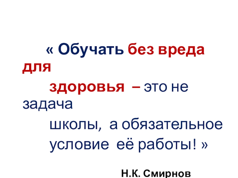 « Обучать без вреда для здоровья – это не задача школы, а обязательное
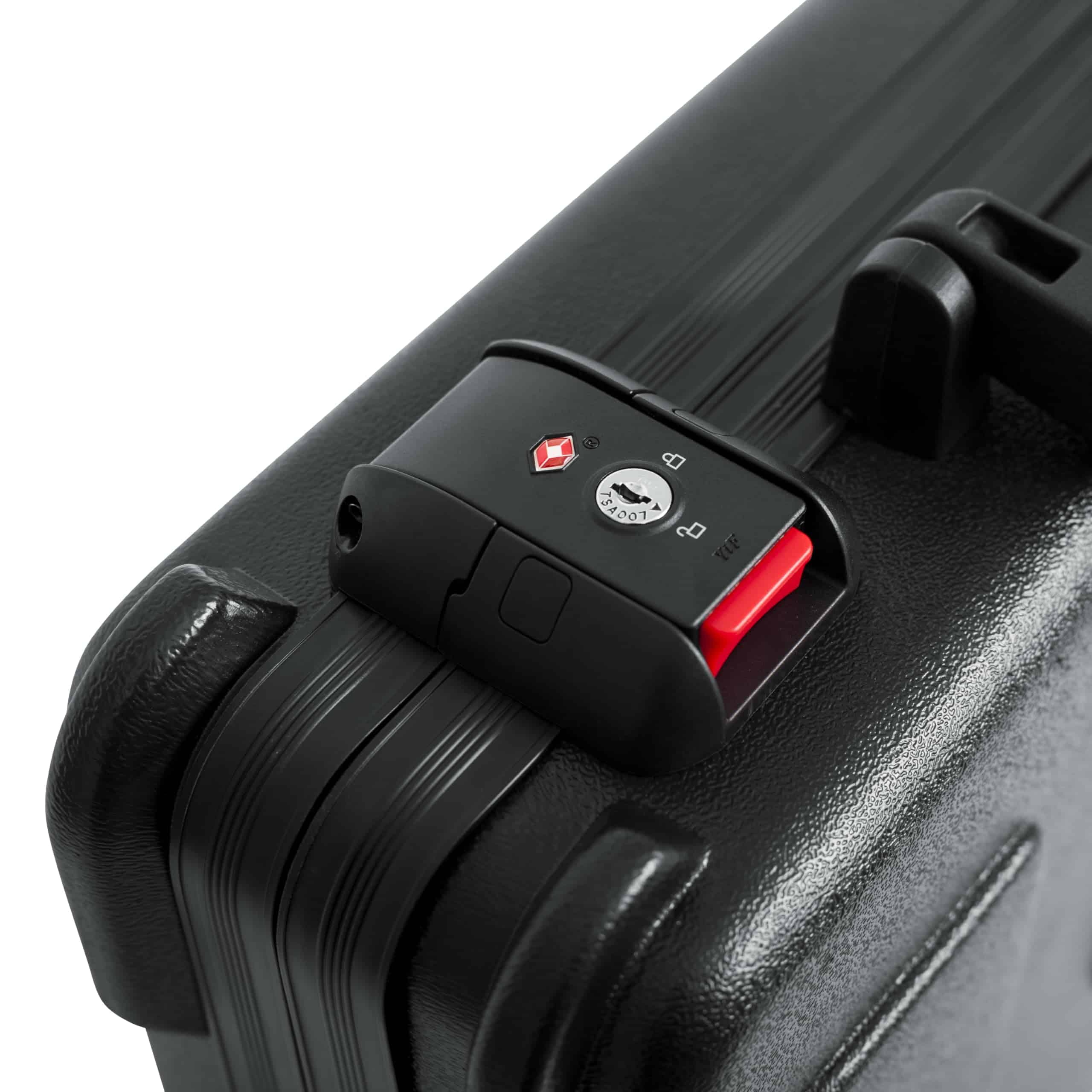 4. Pestillos con cerradura TSA con platos de desviación de impacto y disparador de liberación rojo.
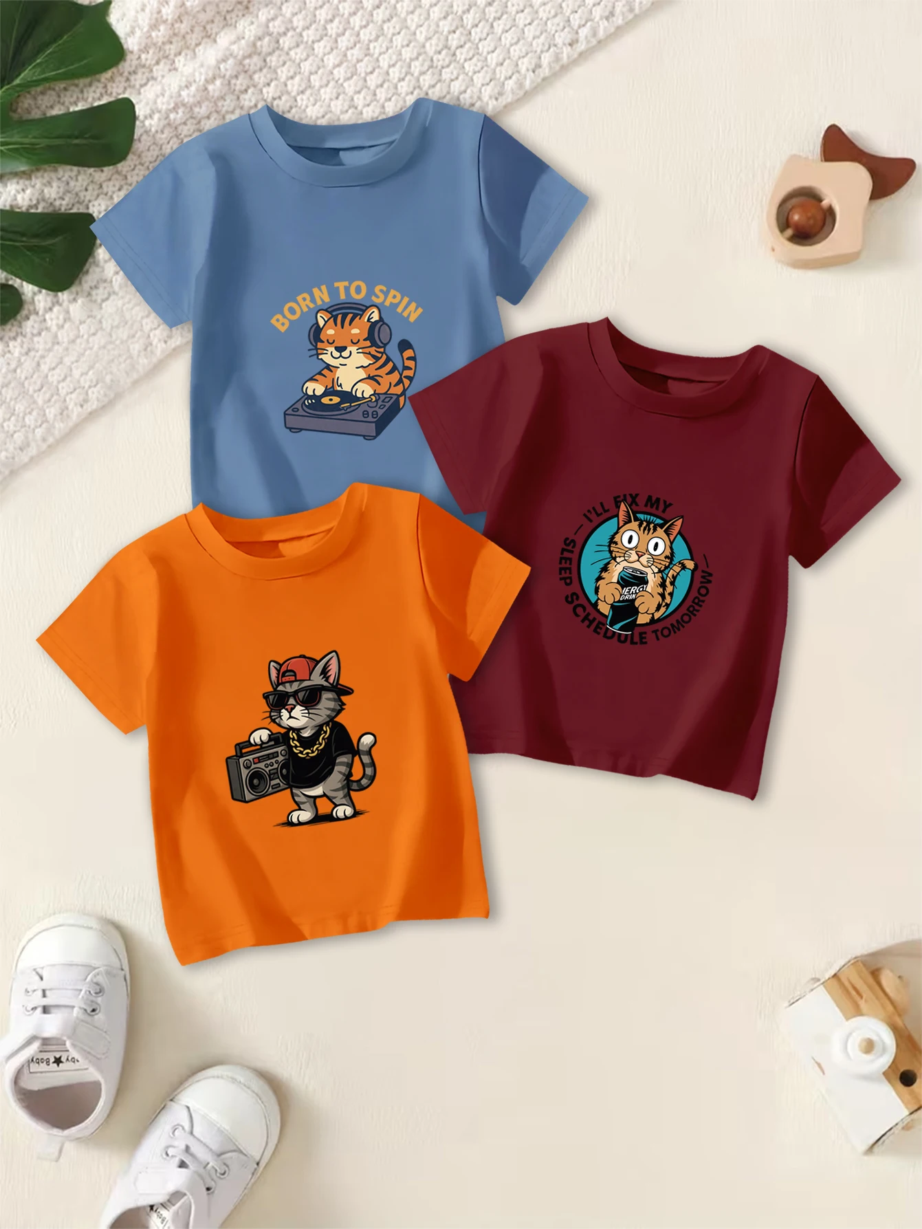 3čepel pieces: chlapci léto ležérní tričko kreslený DJ kocour & napít se kocour střih tisk
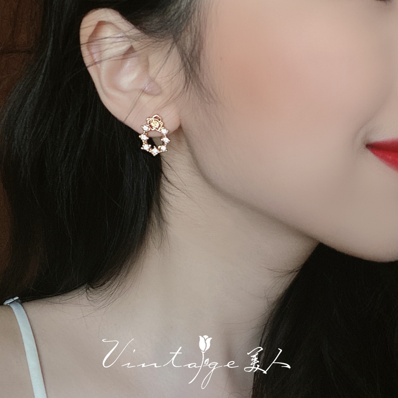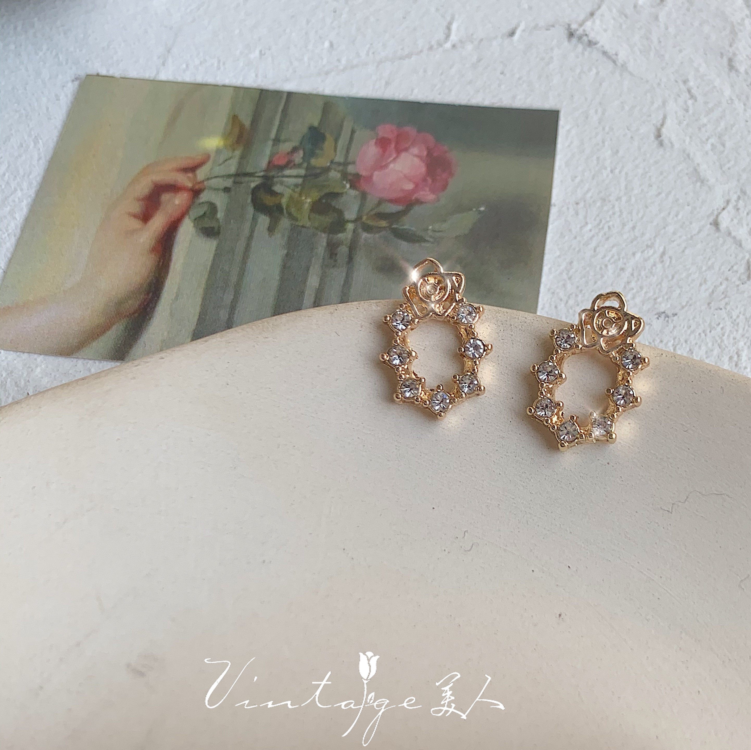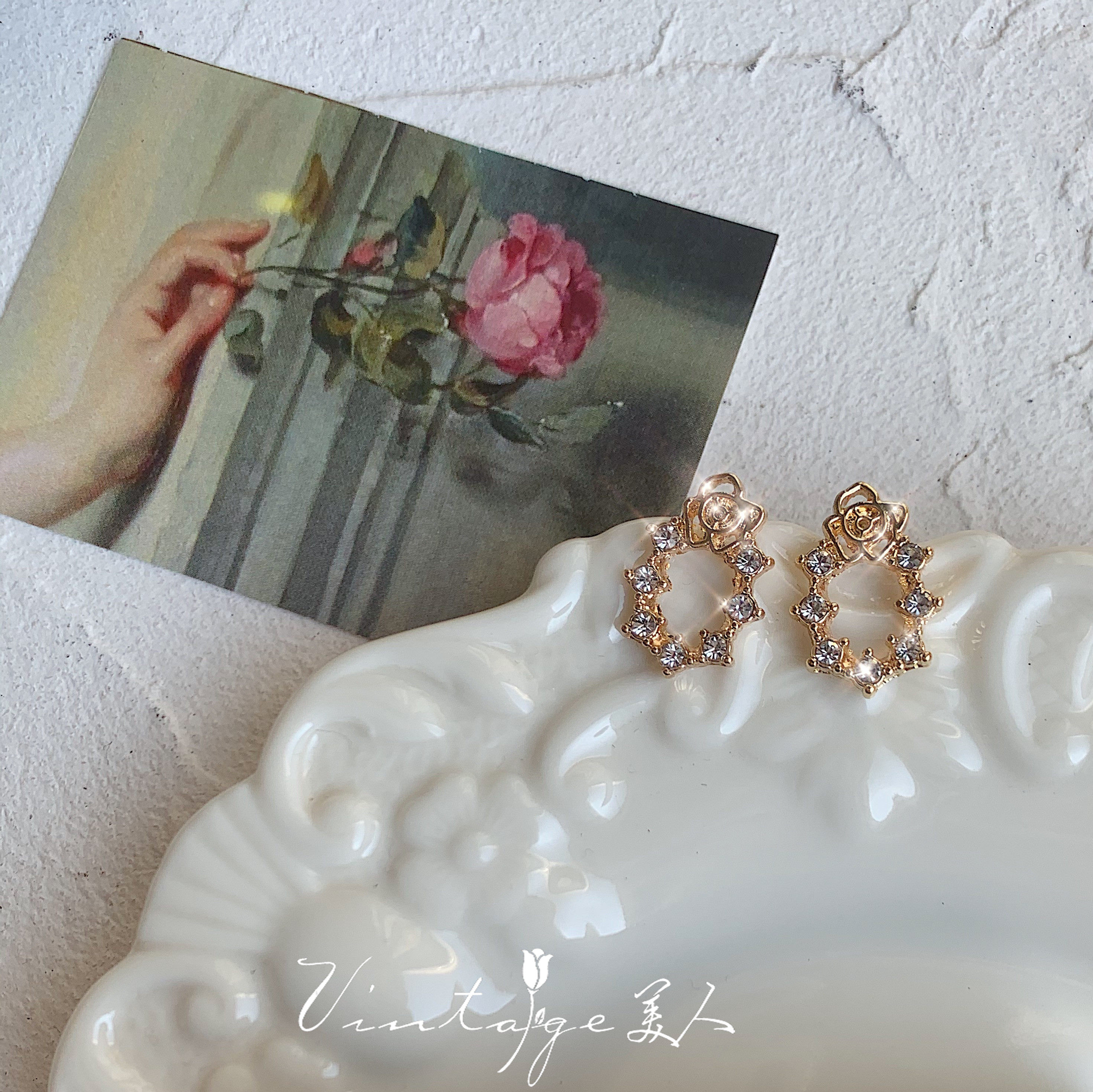 "Picasso Garden" Romantic, Delicate, Elegant, Small and Versatile, Sparkling Diamond Rose Outline Zircon Stud Earrings
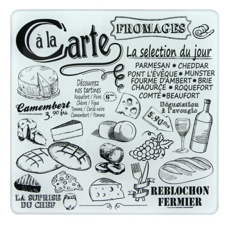 Cette planche en verre au design bien représentatif de la France du terroir pourra accueillir votre sélection de fromages.
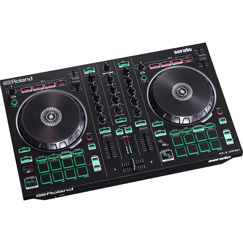 Roland DJ-202 DJ kontroler. The Roland DJ-202 is a forward-thinking Serato DJ Lite controller that gives DJs the features and layout of a full-size professional controller in a rugged and portable unit. The compact DJ-202 preserves the concept of the flagship DJ-808 and streamlined DJ-505. Allowing unparalleled flexibility to DJ, remix, and produce beats on the fly while performing live or creating in the studio. With its large, low-latency platters, dedicated pad and transport controls, onboard sequencer. Mic input with professional vocal FX, the DJ-202 packs in the most features of any controller in its class.
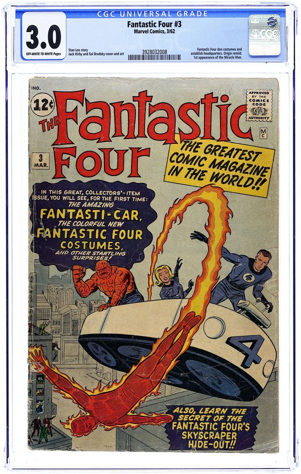 First 12-cent issue. Cover pencils by Jack Kirby, inks by Sol Brodsky. First appearance of the Miracle Man in "The Menace of the Miracle Man!", script by Stan Lee, pencils by Jack Kirby, inks by Sol Brodsky; The Miracle Man performs his super-villain debut at his magic show by humiliating the Thing. Johnny Storm the Human Torch! Pin-Up Page, pencils by Jack Kirby, inks by Sol Brodsky. Chapter II "The Monster Lives!"; Miracle Man declares war on humanity and animates a movie monster statue. Chapter III "The Flame that Died!"; Human Torch torches the animated Monster from Mars-statue and Invisible Girl stowes away on the atomic tank that Miracle Man has stolen. Chapter IV "In the Shadow of Defeat!"; The Thing recalls the origin of the Fantastic Four while the Invisible Girl is taken prisoner by Miracle Man. Chapter V "The Final Challenge!" This issue features the first appearances of the FF costumes and the Fantasticar. First FF letters page; letter to the editor from comics artist Alan Weiss. (For the original, unused Kirby/Dick Ayers cover to this issue, see Fantastic Four 224.) 36 pgs. $0.12. Cover price $0.12.
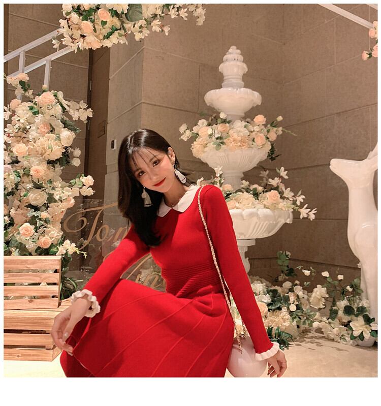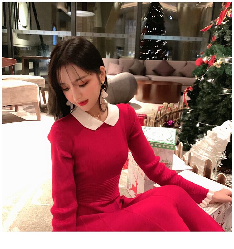 秋冬のスカート、高品質のロイヤルシスターセーター、ロングスカート、スリムフィットで薄いイヤーズシャツ、赤いニットドレス、冬のスカート レッド オータム 秋物 ウィンター 冬物 yingd83531999068
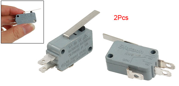 Product Name Micro Switch Model No. KW9-3Z-01 Actuator Type Metal Lever Power 15A(6A) 250V AC, 0.6A 125V DC, 0.3A 250VDC, 15A 125V AC Switch Body Size(Each) 3 x1.6 x 1cm/1.1" x 0.6" x 0.4" (L*W*H) Fixing Holes Dia. 0.3cm/0.1" (Approx) Lever Size 2.7 x 0.4cm/1" x 0.15"(L*W) Material Plastic & Metal Color Gray & Silver Tone Net Weight 17g Package Content 2 x Micro Switch - Reviews
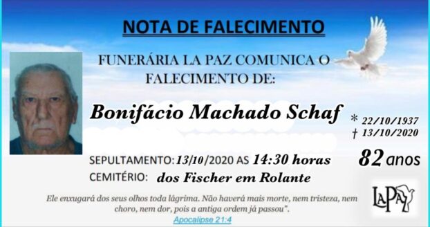 Comunicam com pesar o falecimento de Bonifácio Machado Schaf, ocorrido nesta terça-feira (13/10/2020), aos 82 anos. O sepultamento ocorrerá às 14h30min, no Cemitério dos Fischer, em Rolante.
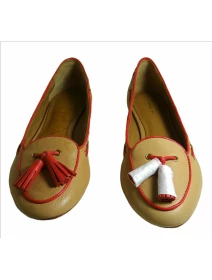 Made of Leather; Hand made Classic moccasin in Soft tumbled leather with Contrast leather trim; Bow detailed in front and Coach logo on back; Gold hardware; Soft leather lining; Leather and Rubber sole with logo Coach; There luxuriously flats run very true size.
☆ ☆ ☆ ☆
→ Exercise: Once the pictures are removed, output the entries above exactly as given.

→ Answer section:
 « Обучать без вреда для здоровья – это не задача школы, а обязательное
 4. Pestillos con cerradura TSA con platos de desviación de impacto y disparador de liberación rojo.
 3čepel pieces: chlapci léto ležérní tričko kreslený DJ kocour & napít se kocour střih tisk
 "Picasso Garden" Romantic, Delicate, Elegant, Small and Versatile, Sparkling Diamond Rose Outline Zircon Stud Earrings
 Cette planche en verre au design bien représentatif de la France du terroir pourra accueillir votre sélection de fromages.
 Roland DJ-202 DJ kontroler. The Roland DJ-202 is a forward-thinking Serato DJ Lite controller that gives DJs the features and layout of a full-size professional controller in a rugged and portable unit. The compact DJ-202 preserves the concept of the flagship DJ-808 and streamlined DJ-505. Allowing unparalleled flexibility to DJ, remix, and produce beats on the fly while performing live or creating in the studio. With its large, low-latency platters, dedicated pad and transport controls, onboard sequencer. Mic input with professional vocal FX, the DJ-202 packs in the most features of any controller in its class.
 First 12-cent issue. Cover pencils by Jack Kirby, inks by Sol Brodsky. First appearance of the Miracle Man in "The Menace of the Miracle Man!", script by Stan Lee, pencils by Jack Kirby, inks by Sol Brodsky; The Miracle Man performs his super-villain debut at his magic show by humiliating the Thing. Johnny Storm the Human Torch! Pin-Up Page, pencils by Jack Kirby, inks by Sol Brodsky. Chapter II "The Monster Lives!"; Miracle Man declares war on humanity and animates a movie monster statue. Chapter III "The Flame that Died!"; Human Torch torches the animated Monster from Mars-statue and Invisible Girl stowes away on the atomic tank that Miracle Man has stolen. Chapter IV "In the Shadow of Defeat!"; The Thing recalls the origin of the Fantastic Four while the Invisible Girl is taken prisoner by Miracle Man. Chapter V "The Final Challenge!" This issue features the first appearances of the FF costumes and the Fantasticar. First FF letters page; letter to the editor from comics artist Alan Weiss. (For the original, unused Kirby/Dick Ayers cover to this issue, see Fantastic Four 224.) 36 pgs. $0.12. Cover price $0.12.
 秋冬のスカート、高品質のロイヤルシスターセーター、ロングスカート、スリムフィットで薄いイヤーズシャツ、赤いニットドレス、冬のスカート レッド オータム 秋物 ウィンター 冬物 yingd83531999068
 Product Name Micro Switch Model No. KW9-3Z-01 Actuator Type Metal Lever Power 15A(6A) 250V AC, 0.6A 125V DC, 0.3A 250VDC, 15A 125V AC Switch Body Size(Each) 3 x1.6 x 1cm/1.1" x 0.6" x 0.4" (L*W*H) Fixing Holes Dia. 0.3cm/0.1" (Approx) Lever Size 2.7 x 0.4cm/1" x 0.15"(L*W) Material Plastic & Metal Color Gray & Silver Tone Net Weight 17g Package Content 2 x Micro Switch - Reviews
 Comunicam com pesar o falecimento de Bonifácio Machado Schaf, ocorrido nesta terça-feira (13/10/2020), aos 82 anos. O sepultamento ocorrerá às 14h30min, no Cemitério dos Fischer, em Rolante.
 Made of Leather; Hand made Classic moccasin in Soft tumbled leather with Contrast leather trim; Bow detailed in front and Coach logo on back; Gold hardware; Soft leather lining; Leather and Rubber sole with logo Coach; There luxuriously flats run very true size.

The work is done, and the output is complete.